First off, it is rather insulting to anyone looking to join a roleplay to have the gm state that they want their players to be committed yet also note that there is a high chance they themselves might just randomly lose interest.

The RP forums have a minimum sentence requirement that has been set by the forum mod (Darkreever). This isn't a hard thing to maintain in a solid rp and it is wise to encourage your players to actually write more in-depth.

The choices players make should serve to add to the storyline of a rp within reason, however to give a blanket statement that the players can at a whim drive the plot into a totally different direction is just asking for trouble.

From your recruitment post I get the feeling that this rp isn't set in the realm of 40k. Seeing as it is on a forum dedicated to that dark and vicious future of mankind, most players are looking for at least a tie-in to that world.

If you haven't already, I would highly suggest reading some of the longer running threads in this forum (Hammer of Olympia, AB:TN Part II - SotE, The Claw, etc) and even contacting the gm's of those threads (as well as Darkreever) for pointers in the massive undertaking that is gm'ing a well rounded roleplay. They don't bite ( hard  ) and most are more than willing to give a brief once over of a plotline.

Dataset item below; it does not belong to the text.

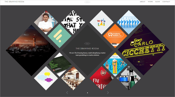 個人非常喜歡這個布局,簡單但又不失有趣。這家工作室將自己的作品以大小不同,相互堆砌的菱形展示于頁面之上。最中央的菱形為公司標志,表現(xiàn)并不突兀,不會分散對作品的注意力。把鼠標懸停在任意一個菱形上時,其中會顯示該作品的說明介紹。這個簡單的單頁網(wǎng)站布局簡約而不失創(chuàng)意,同時使用簡單方便。

It is great that you are interested in gm'ing your own roleplay, however I would highly suggest running your thoughts by at least Darkreever before he starts showing his teeth on your thread.


----------



## komanko (May 16, 2010)

Lord of the Night said:


> This does not seem very 40k. It seems more like modern life then the war-zones of the 41st millennium that we all know and wish to be a part of. I'd recommend participating in a few more RPs and getting more of a feel for them, and make sure its more 40k then this.


I didn't see anywhre on the forum that it must be a 40k roleplay, this one will have some of the 40k elements in it.



emporershand89 said:


> Yeah, no offense dude, this is horror right out the #$$. I know your not american, but you should learn good english if your gonna run an RPG. Also 40k is not horror man, its sci-fi warfare. I realise your new, but play a bit before you actually run an RPG. Thats what i did, and trust me, it helps.
> 
> No offense man, but I cannot give you a chance here


ok, first of all I know how to write in english, this was a joke 
this *is* horror right of the ass, I agree.
This is not the first time I play a RPG, I played lots of them just didn't run any.



Euphrati said:


> There are a few things that you might want to re-consider before jumping feet-first into the fire, Komanko.
> 
> First off, it is rather insulting to anyone looking to join a roleplay to have the gm state that they want their players to be committed yet also note that there is a high chance they themselves might just randomly lose interest.
> 
> ...


The first think is that you just didn't understand me correctly, I didnt mean Ill lost interest, I meant that it can come crushing down like now .

About the minimum sentence amount, I know that there is a minimum. I do post the minimum amount or more, but for does who its harder to them I don't want to press them so by me if they can sum all their post in 2 sentence its good for me.

This RP doesn't have an obvious storyline because they are are all stuck inside the factory\facility but if its so important I can always build one ^^.

To All: I think you for the advice ^^


----------



## emporershand89 (Jun 11, 2010)

well, dude, no offense, you just attacked all of us who were trying to give you a helping hand and point out key things not to do. Instead you attack us, thats not gonna help you man

Also, you said the following"ok, first of all I know how to write in english." Then you said, "this was a joke(that was a joke), this is horror right of the ass(this is horror "right out the ass"). Dude, give up, you hurt the hand that feeds you and you lie about writing good Englsih. Man you should've been honest, I might have taken it better.


----------



## darkreever (Apr 3, 2008)

This may be a long one, but there is something to be said to just about everyone in this thread.



Lord of the Night said:


> This does not seem very 40k. It seems more like modern life then the war-zones of the 41st millennium that we all know and wish to be a part of. I'd recommend participating in a few more RPs and getting more of a feel for them, and make sure its more 40k then this.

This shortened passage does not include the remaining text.